In the next step, we will be calculating the inverse product, with this, we mean the inverse product of the range, such that if we calculating the inverse product till the ith index, the inverse product will be the product of the all the numbers from the range 0 to i. With this, we can solve the query in constant time. We don’t need to make extra efforts for solving each query.
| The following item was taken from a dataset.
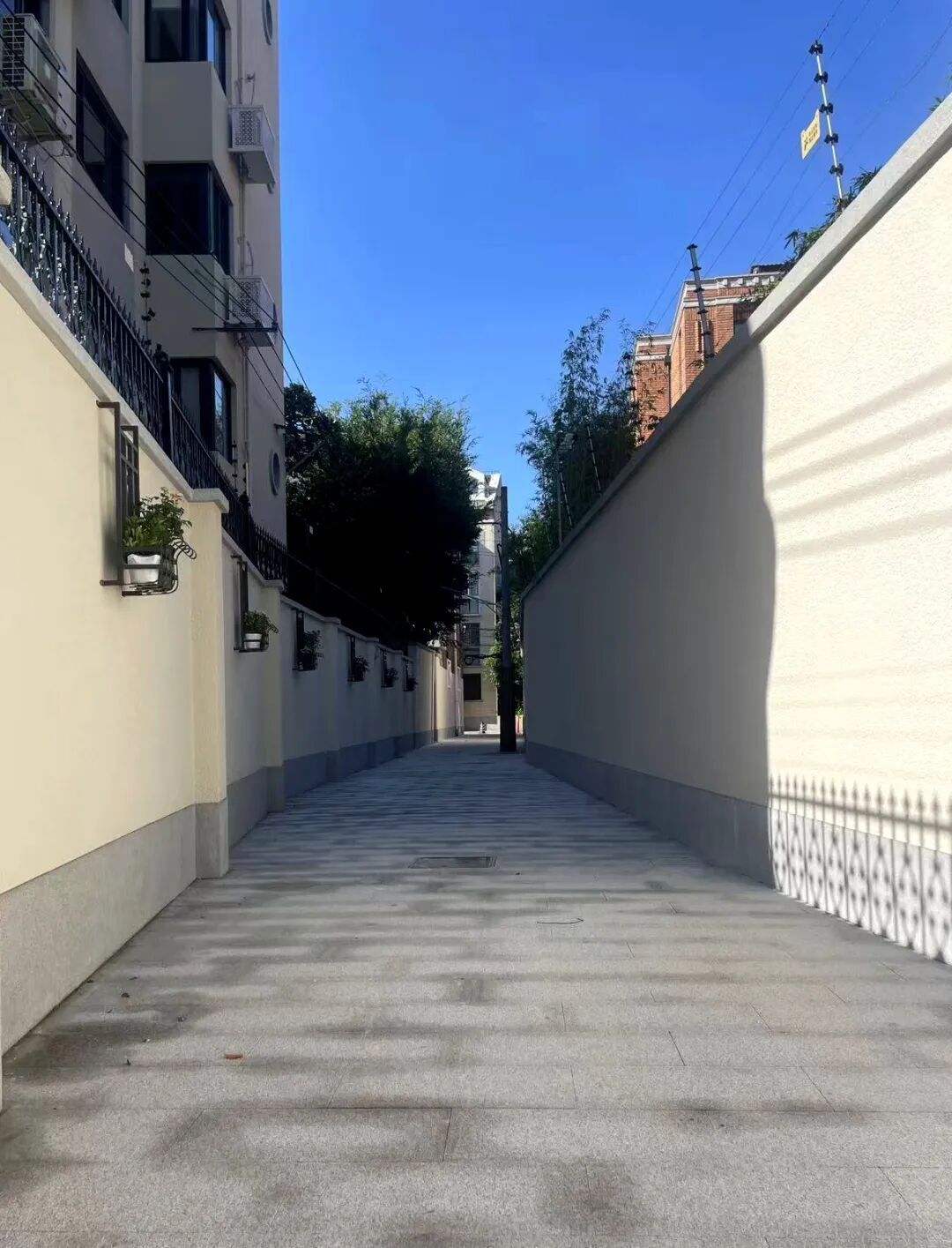 刚走进泰安路10弄,记者便感受到了明显的变化——原本斑驳脱落的墙面不见了,取而代之的是统一压毛处理的墙面,米白色的底色搭配墙角点缀的绿色盆栽,显得清爽又温馨。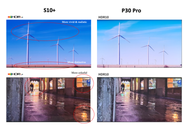 另一方面,三星Galaxy S10、S10+的屏幕分辨率为2K+,支持HDR10+显示技术、亮度800nit、0.4JNCD的色准,使其成为目前业内色准最高的屏幕。而华为P30 Pro仅支持HDR10显示,且同一测试环境下屏幕亮度也仅为617 nit。但早在4年前,三星Galaxy S6就已支持600nit的屏幕亮度,此次的S10+更比上一代S9+的700nit还提升了14%,三星创新升级的实力可谓给足了用户惊喜。

Now if we get the query to solve we just return the product of PreProduct[right] and PreInverseProduct[left-1]. This will be the required answer.
Code
C++ code to find Products of ranges in an array
#include <iostream>
using namespace std;
#define MAX 100
int PreProductArray[MAX];
int PreInverseProduct[MAX];
int InverseP(int a, int modulo)
{
int mP = modulo, temp, quotient;
int xP = 0, x = 1;
if (modulo == 1)
return 0;
while (a > 1)
{
quotient = a / modulo;
temp = modulo;
modulo = a % modulo;
a = temp;
temp = xP;
xP = x - quotient * xP;
x = temp;
}
if (x < 0)
x += mP;
return x;
}
void calculatePreProduct(int A[], int N, int P)
{
PreProductArray[0] = A[0];
for (int i = 1; i < N; i++)
{
PreProductArray[i] = PreProductArray[i - 1] *A[i];
PreProductArray[i] = PreProductArray[i] % P;
}
}
void calculatePreInverseProduct(int A[], int N, int P)
{
PreInverseProduct[0] = InverseP(PreProductArray[0], P);
for (int i = 1; i < N; i++)
PreInverseProduct[i] = InverseP(PreProductArray[i], P);
}
int calculateProduct(int A[], int L, int R, int P)
{
L = L - 1;
R = R - 1;
int ans;
if (L == 0)
ans = PreProductArray[R];
else
ans = PreProductArray[R] *
PreInverseProduct[L - 1];
return ans;
}
int main()
{
int Arr[] = { 1, 2, 3, 4, 5, 6 };
int N = sizeof(Arr) / sizeof(Arr[0]);
int Modulo = 131;
calculatePreProduct(Arr, N, Modulo);
calculatePreInverseProduct(Arr, N, Modulo);
int Left = 1, Right = 6;
cout << calculateProduct(Arr, Left, Right, Modulo) << endl;
Left = 2, Right = 4;
cout << calculateProduct(Arr, Left, Right, Modulo)
<< endl;
return 0;
}
65 24
Java code to find Products of ranges in an array
class ProductInRange
{
static int MAX = 100;
static int PreProductArray[] = new int[MAX];
static int PreInverseProduct[] = new int[MAX];
static int InverseP(int a, int modulo)
{
int mP = modulo, temp, quotient;
int xP = 0, x = 1;
if (modulo == 1)
return 0;
while (a > 1)
{
quotient = a / modulo;
temp = modulo;
modulo = a % modulo;
a = temp;
temp = xP;
xP = x - quotient * xP;
x = temp;
}
if (x < 0)
x += mP;
return x;
}
static void calculatePreProduct(int A[], int N, int P)
{
PreProductArray[0] = A[0];
for (int i = 1; i < N; i++)
{
PreProductArray[i] = PreProductArray[i - 1] *
A[i];
PreProductArray[i] = PreProductArray[i] % P;
}
}
static void calculatePreInverseProduct(int A[], int N, int P)
{
PreInverseProduct[0] = InverseP(PreProductArray[0], P);
for (int i = 1; i < N; i++)
PreInverseProduct[i] = InverseP(PreProductArray[i],
P);
}
static int calculateProduct(int A[], int L, int R, int P)
{
L = L - 1;
R = R - 1;
int ans;
if (L == 0)
ans = PreProductArray[R];
else
ans = PreProductArray[R] *
PreInverseProduct[L - 1];
return ans;
}
public static void main(String[] args)
{
int Arr[] = { 1, 2, 3, 4, 5, 6 };
int Modulo = 131;
calculatePreProduct(Arr, Arr.length, Modulo);
calculatePreInverseProduct(Arr, Arr.length,
Modulo);
int Left = 1, Right = 6;
System.out.println(calculateProduct(Arr, Left,
Right, Modulo));
Left = 2;
Right = 4;
System.out.println(calculateProduct(Arr, Left,
Right, Modulo));
}
}
65 24
Complexity Analysis
Time Complexity
O(N log M+Q), here log M is because of finding the inverse for product. And then O(Q) for answering queries.
Space Complexity
O(N) where “N” is the number of elements in the array. Because we stored preProduct and preProductInverse arrays.